In my own small way, I send my ten dollars to Bernie every month so he can get the word out. If it somehow helps someone then, my small contribution was worth it. For what its worth, I also send ten bucks per month to Elizabeth Warren and Al Franken. Don’t you want to save a puppy too? (lol)
Bernie Sanders’ press problem won’t be going away once Hillary Clinton begins campaigning in earnest. There’ll be anti-Hillary press conferences by all 10 or 15 GOP candidates attacking her latest statements and that will be the news about the presidential race. I just hope not to see Clinton turning to attack Bernie Sanders instead of the Republican goobers who have always raced to the bottom depths. Both Bernie Sanders and Hillary Clinton would do well to simply ignore these degenerates on the right; that will only drive them to wackier and wackier extremes.
The GOP side of this contest thus far is an embarrassment of riches. There’s room on the left for both candidates to look like reasonable people with differences of opinion as opposed to foaming at the mouth idiots.
I believe that the Democratic candidates are going to follow this path; I also believe a problem could be Democratic “supporters” of both candidates who ought to know better.
Yeah, I agree, Demos have to avoid cracking on the other Demo. The next Supreme Court nominee is on the list of to-dos, and there isn’t a single Republican sounding nearly sane.

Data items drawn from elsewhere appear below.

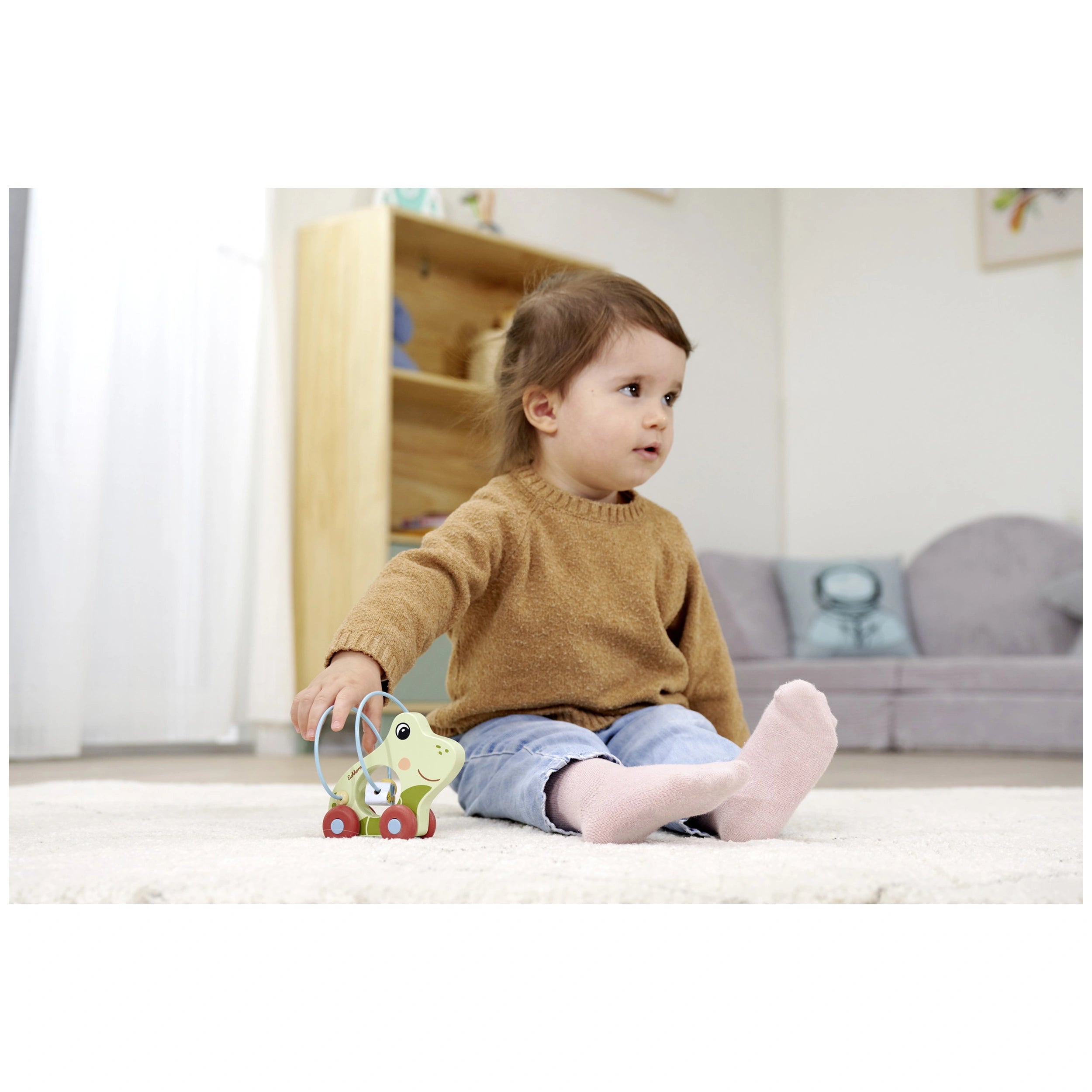 Eichhorn - Schiebefrosch - Babyspielzeug Wir präsentieren den Eichhorn Holzfrosch Schiebe- und Ziehspielzeug, eine bezaubernde Ergänzung für jede Spielzeugsammlung eines Kindes. Mit einer Länge von 11 cm ist dieser charmante Holzfrosch speziell für kleine Hände konzipiert und somit die ideale Wahl für Kleinkinder ab einem Jahr. Hergestellt aus hochwertigem Holz, verspricht der Eichhorn Holzfrosch nicht nur Langlebigkeit, sondern sorgt auch für ein sicheres und angenehmes Spielerlebnis für Ihre Kleinen. Das ergonomische Design des Eichhorn Holzfrosches ermöglicht ein einfaches Greifen und ermutigt Kinder zu aktivem Spiel. Während sie dieses niedliche Spielzeug schieben und ziehen, entwickeln sie wichtige motorische Fähigkeiten und die Hand-Augen-Koordination. Die integrierte Motorikschleife fügt eine zusätzliche Ebene des Spaßes hinzu und ermöglicht es den Kindern, ihre Kreativität zu erkunden, während sie ihre Geschicklichkeit verfeinern. Dieses Spielzeug ist nicht nur eine Quelle der Unterhaltung; es dient auch als wertvolles Werkzeug für die frühkindliche Entwicklung. Eine der herausragenden Eigenschaften des Eichhorn Holzfrosches sind seine Silikonräder. Diese Räder sind so konzipiert, dass sie sanft über verschiedene Oberflächen gleiten, ohne Lärm zu machen oder Spuren zu hinterlassen. Eltern können beruhigt sein, dass ihre Böden und Möbel unversehrt bleiben, während ihre Kinder stundenlang spielen. Dieses durchdachte Designelement macht das Spielzeug sowohl für drinnen als auch für draußen geeignet und bietet Vielseitigkeit für verschiedene Spielumgebungen. Neben seinen praktischen Vorteilen ist der Eichhorn Holzfrosch auch visuell ansprechend. Seine lebendigen Farben und das freundliche Design ziehen die Aufmerksamkeit junger Kinder auf sich, regen ihre Fantasie an und fördern interaktives Spiel. Dieses Spielzeug unterhält nicht nur, sondern stimuliert auch die kognitive Entwicklung, während die Kinder lernen, sich in ihrer Umgebung zurechtzufinden und Ursache und Wirkung durch Spiel zu verstehen. Sicherheit hat für Eichhorn oberste Priorität, und dieses Holzfroschspielzeug bildet da keine Ausnahme. Hergestellt aus ungiftigen Materialien und mit kindersicheren Farben versehen, können Eltern beruhigt sein, dass ihre Kinder mit einem Produkt spielen, das hohen Sicherheitsstandards entspricht. Die robuste Konstruktion sorgt dafür, dass das Spielzeug den Anforderungen des Spiels standhält und somit eine langlebige Ergänzung jeder Spielzeugsammlung darstellt. Zusammenfassend lässt sich sagen, dass das Eichhorn Holzfrosch Schiebe- und Ziehspielzeug eine ausgezeichnete Investition in die Entwicklung und den Spaß Ihres Kindes ist. Mit seinem ansprechenden Design, praktischen Funktionen und dem Engagement für Sicherheit wird dieses Spielzeug sicher zu einem Favoriten bei Kindern und Eltern gleichermaßen. Verpassen Sie nicht die Gelegenheit, das Spielerlebnis Ihres Kindes zu bereichern – bestellen Sie noch heute den Eichhorn Holzfrosch und beobachten Sie, wie Ihr Kleines in eine Welt voller Spaß und Lernen springt!
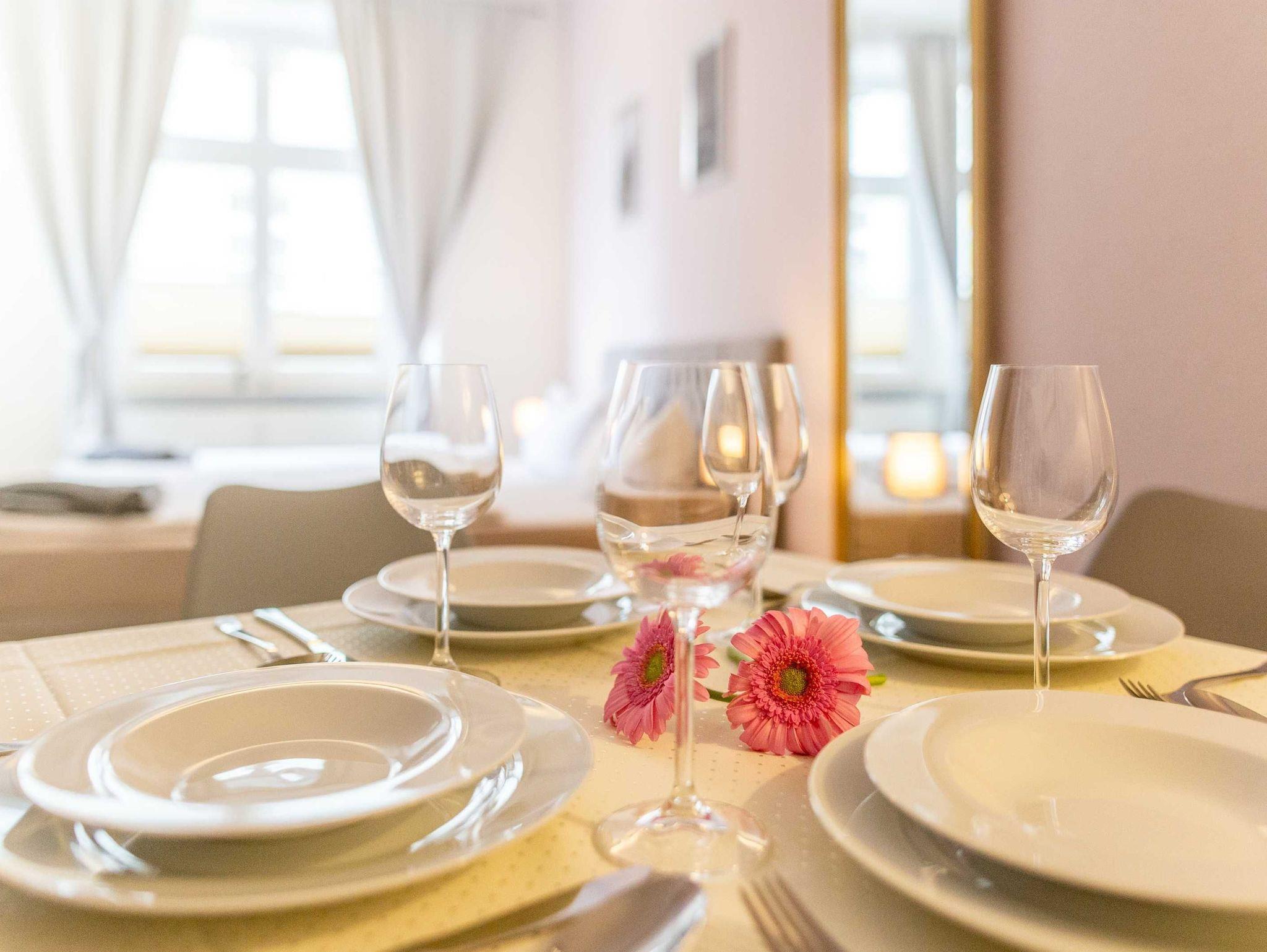 Jedes der drei Appartements ist geschmackvoll und individuell eingerichtet. Sie finden jeweils eine voll ausgestattete Küche vor.
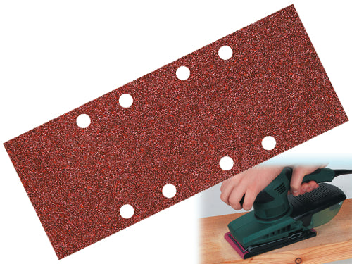 Fogli abrasivi forati al corindone 93x230 mm. per levigatrici orbitali. Per legno e metallo, durata elevata. Confezione 5 Pz. Indicato per: Bosch, Festool, Makita, Metabo, Peugeot, RYOBI, Skil, Stayer, Wagner. Art. 1961000 - Grana 40
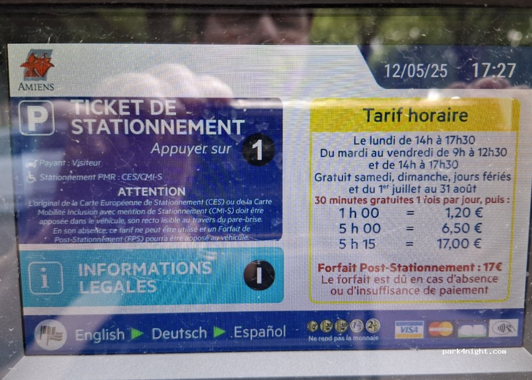 Quelques précisions: ce parking est peu occupé en journée mais vous ne pouvez y rester la journée entière, sauf à payer cher: 17€. Le soir venu, les habitants du quartier viennent s’y garer, alors ne soyons pas encombrants mais discrets: 1 ou 2 vans/nuit.
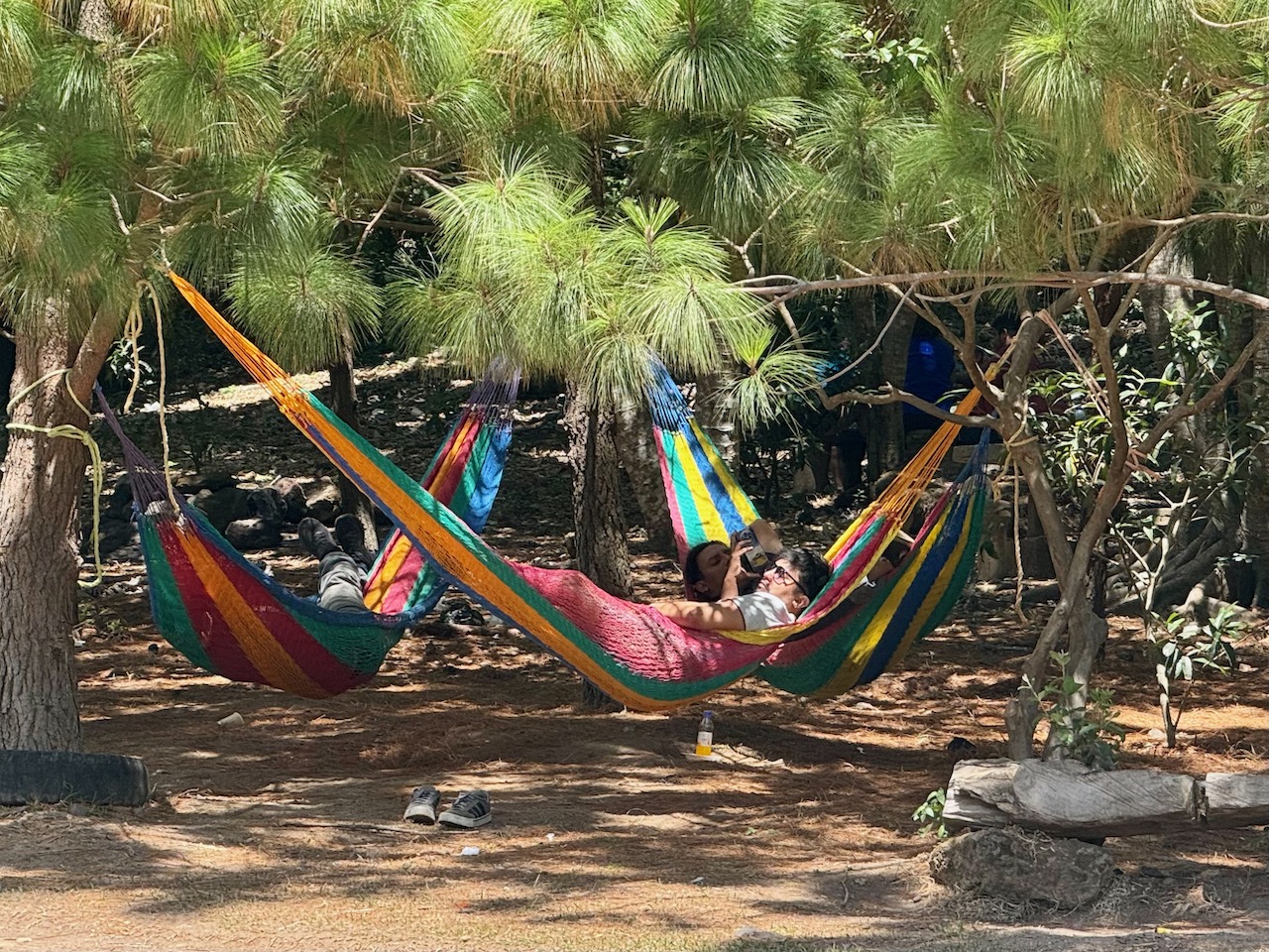 We continue our journey and have to cross a lowland area. It’s incredibly hot and humid, and we can hardly wait to get back up into the mountains. Luckily, our next destination is at about 1,200 meters, and the climate is perfect. The place is called Berlin, and there are even some Berlin bears at our campsite. We immediately take to the place and dive right in. A fair is taking place in the plaza, and the atmosphere is both peaceful and lively. We try out different restaurants and cafes and treat ourselves. Since Guatemala, we’ve been enjoying eating out much more, as the food is fantastic – eating out in Mexico just got too boring for us in the long run, since it always seems to be the same thing (with many different names).
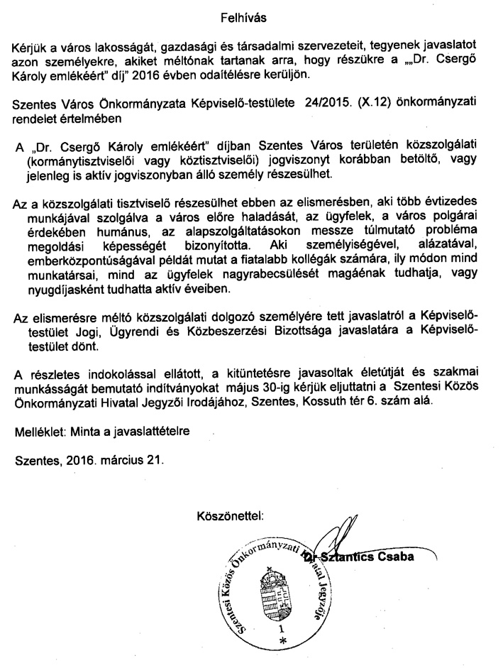 Szentes Város Önkormányzata helyi rendeletet alkotott azon köztisztviselők elismerésére, akik nyugdíjasként, vagy jelenleg munkájukkal, szakmaiságukkal szolgálták, ill. szolgálják a város lakosságát.
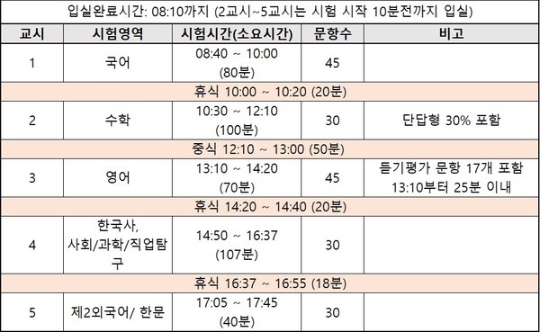 3교시 영어영역은 오후 1시 10분부터 2시 20분까지다. 20분간의 쉬는 시간이 끝난 후 4교시 한국사·탐구영역이 오후 2시 50분부터 4시 37분까지 이어진다.

Bernie Sanders campaign is all about getting a message out that the media and the right wing does not want the American people to hear and not at all about “winning.” There is no need whatsoever for Bernie and Hillary to compete with one another. Hillary has the name recognition and the political “chops” to get the nomination. Bernie Sanders is reiterating a message that Thom Hartmann and many others are trying to get heard. The campaign for President just may give him a larger megaphone.